_ABOUT THIS EXERCISE_
Restate every line of the material below word for word, skipping the images.

BEGIN INFORMATION SUPPLIED

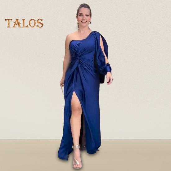 Элегантный дизайн на одно плечо: Выделитесь элегантным наклонным вырезом на одно плечо и высоким разрезом, который придает этому платью нотку очарования и идеально подходит для того, чтобы произвести впечатление на любом мероприятии.
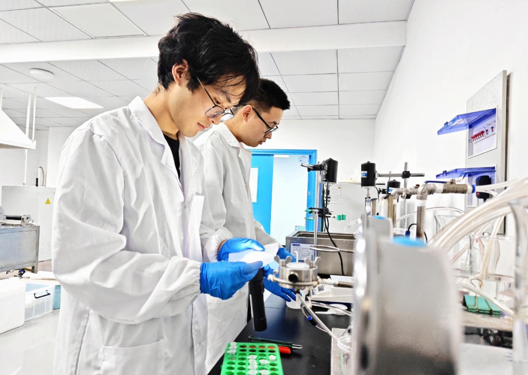 10月15日,天津工业大学沧州研究院的实验室内,科研人员正在进行实验。袁铮 摄
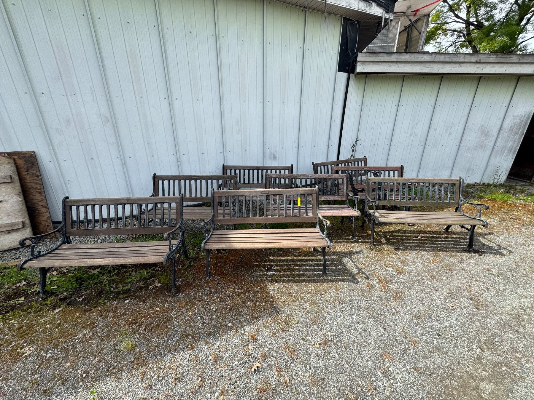Eight Berkeley Forge, cast-iron and wooden benches with spare ends

END INFORMATION SUPPLIED

_YOUR RESPONSE_
 Элегантный дизайн на одно плечо: Выделитесь элегантным наклонным вырезом на одно плечо и высоким разрезом, который придает этому платью нотку очарования и идеально подходит для того, чтобы произвести впечатление на любом мероприятии.
 10月15日,天津工业大学沧州研究院的实验室内,科研人员正在进行实验。袁铮 摄
Eight Berkeley Forge, cast-iron and wooden benches with spare ends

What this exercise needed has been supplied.